OpenAccel is a CPU-parallel, vertex-based finite volume (CVFEM) solver built on the Trilinos-STK mesh infrastructure. It employs a pressure-based, segregated approach to solve the governing equations, making it well-suited for incompressible and low-Mach compressible flows. The solver addresses a broad range of physics, including fluid flow, heat transfer, turbulence, multiphase free-surface flows and solid mechanics--while providing a framework for multiphysics applications, including Arbitrary Lagrangian-Eulerian (ALE) methods and Conjugate Heat Transfer (CHT).
Note: This project is under active development. API, features, and documentation may change without notice.
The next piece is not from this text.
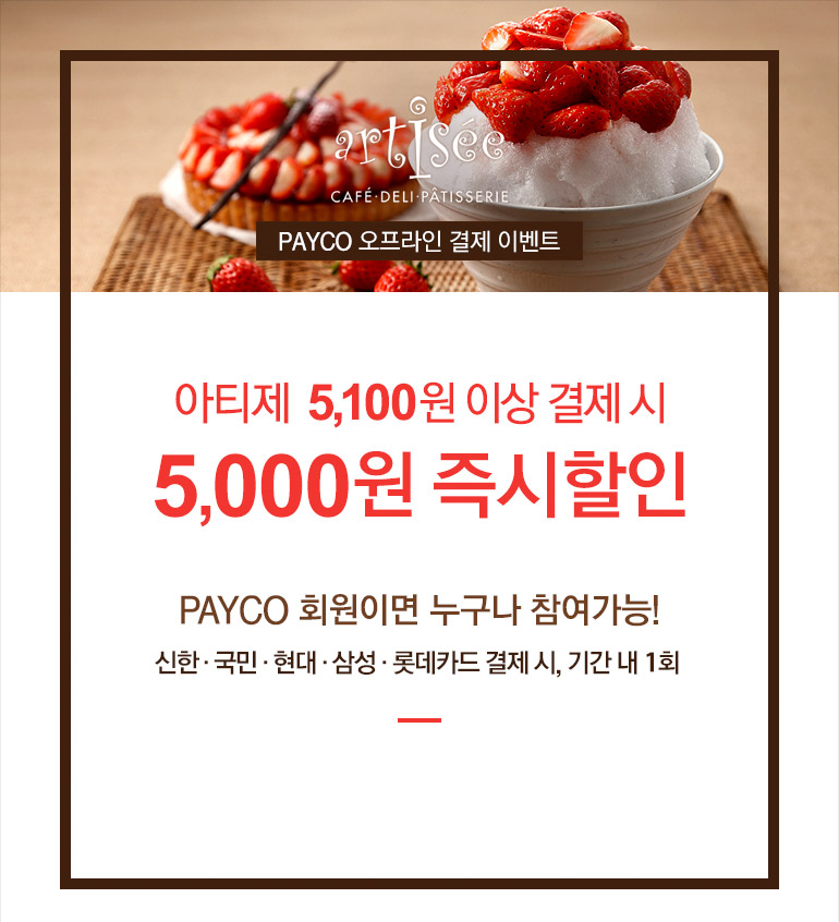 [페이코] 아티제 5100원이상 결제시 5000원 할인 (~6/26) > 이벤트게시판

- Incompressible and compressible single-phase flows
- Incompressible multiphase flows using the Volume of Fluid (VOF) method
- Fluid-Structure Interaction (FSI) via a partitioned ALE approach
- Heat Transfer including Conjugate Heat Transfer (CHT)
- Turbulence Modeling with support for RANS (e.g., k-ω SST and transition SST)
- Modern Foundation: Built using the C++20 standard.
- High Performance: Optimized for massive parallelism via Trilinos-STK.
A Theory Guide covering the mathematical foundations of OpenAccel is
available in docs/theory/ and bundled with releases.
The guide is automatically compiled to PDF on every commit via GitHub Actions. To get the latest PDF:
- Go to the Actions tab of this repository.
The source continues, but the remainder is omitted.